Breakthrough Seizure

Introduction

A Breakthrough Seizure is one that occurs in a patient with seizure disorder while still on AED (antiepileptic or anti seizure medicine); whose seizures are otherwise assumed to be under control and the blood levels of the AED are within the therapeutic range.

This is not same as a withdrawal seizure, which occurs due to stopping or reducing the dosage of anti seizure medicine or alcohol, benzodiazepines, barbiturates etc (the drugs that suppress the brain activity). Also strictly speaking seizures occurring due to missing the dose, taking inadequate dose or less frequently than recommended, should be preferably called as withdrawal seizures rather than breakthrough-seizures.

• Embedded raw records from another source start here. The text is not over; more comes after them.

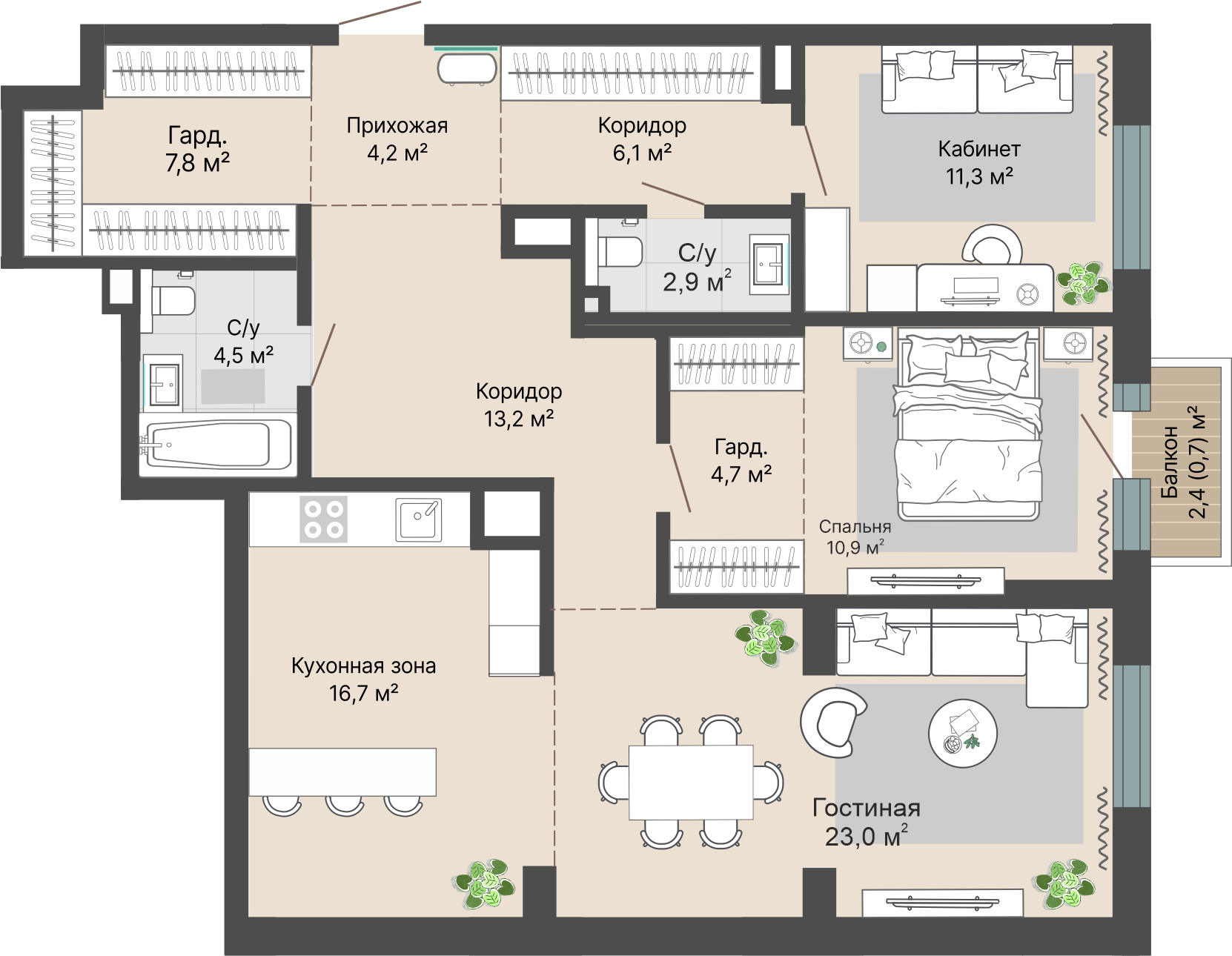 2-комнатная, №13, 106 м²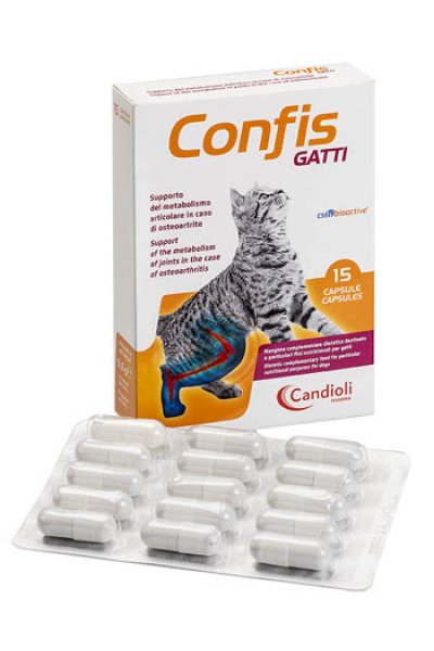 Mangime complementare dietetico destinato a particolari fini nutrizionali per gatti. Formulato per il supporto del metabolismo articolare in caso di osteoartrite. Confis Gatti è presentato in capsule contenenti una polvere appetibile.
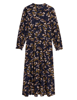 This floral maxi dress makes elegant dressing easy. It has a regular fit with a waisted middle for flattering shaping. Buttons run down from the round neck to offer a traditional look, while stretchy cuffs create a hint of volume in the long sleeves. n M&S Collection: easy-to-wear wardrobe staples that combine classic and contemporary styles.

This is because the decreased anti seizure medicine level in the blood precipitates seizures in these situations, so it is similar to withdrawal conditions.

What triggers this condition?

One scenario is patient’s current blood levels are simply not sufficient to control the seizures because the seizure tendency is high. Sometimes this may be an idiopathic situation means no cause is found why the seizure occurs, or why the seizure focus has become hyperactive all over suddenly.

But if a detailed history is taken then many times we will be able to find out one or other cause for breakthrough-seizures and they may include;

• Infections with fever
• Lack of adequate sleep
• Missing food (hypoglycemia)
• Dehydration
• Electrolyte disturbances
• Menstruation
• Stress
• Intake of alcohol, other toxins and medications that can cause lowering of seizure threshold
• Or it may not be a breakthrough-seizure at all, rather patient had a seizure due to a new reason or pathology e.g. new brain insult etc.

Diagnosis

A breakthrough-seizure requires the doctor look at all these possibilities, and if history is not enough to arrive at the cause for the seizure then investigations are necessary as below (not every patient require all these tests);

• Estimation of blood concentration of AED
• Blood electrolyte estimation
• Complete blood count if fever is present
• Urine analysis
• Chest x ray etc

An EEG, CT or MRI of the brain is not always necessary with typical breakthrough seizures. However if the diagnosis is not clear then such tests may be necessary.

Treatment

Treatment obviously would depend upon what precipitated the breakthrough-seizure.

If the AED level is sub therapeutic (prferably called as withdrawal seizure) then boost up the level with additional AED dose and increasing the maintenance dose. If the dose the level is therapeutic; but still away from the upper normal range or patient is not having a side-effect with the current dose then increase the dose further.

The other causes mentioned above are treated appropriately. With these other causes patient may still require optimization of the AED dose as above. If a precipitating factor is found and it is fully reversible then the AED dosage can be increased just temporarily.

In some situations we may add another AED, switch over the current AED to another AED etc. Of course all these decisions are made on case to case basis. A neurologist is frequently involved in the care of these patients.